- **What the task requires**:
For each line in the material below that holds "available", copy that line.

- **Supplied data**:
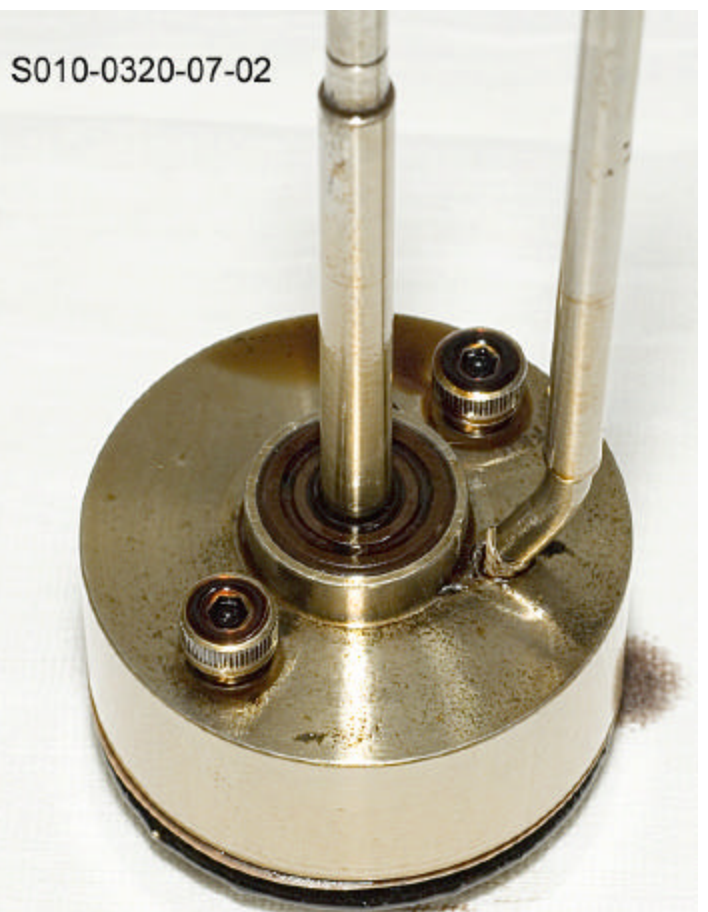
Texaco Havoline ATF left a covering of deposits following 1,012 hours of extended ABOT testing.
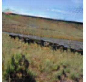
P_{0.5}(w) \rightarrow Q_{12}(w, f)
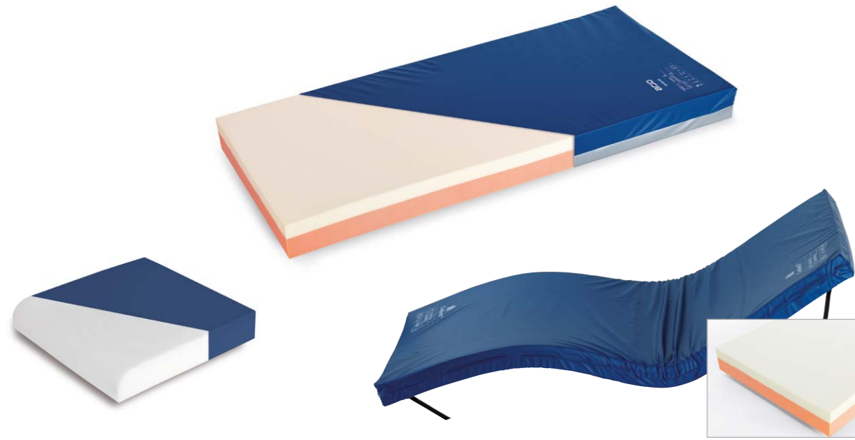
24 Hour Care Package Seat cushion available

The ConformX range has been designed to provide a 24 hour care solution. The range includes a mattress replacement, mattress overlay and seat cushion. The ConformX range is available in various sizes and is easy to maintain due to the durability of the cover and foam.

- **Response to this exercise**:
24 Hour Care Package Seat cushion available
The ConformX range has been designed to provide a 24 hour care solution. The range includes a mattress replacement, mattress overlay and seat cushion. The ConformX range is available in various sizes and is easy to maintain due to the durability of the cover and foam.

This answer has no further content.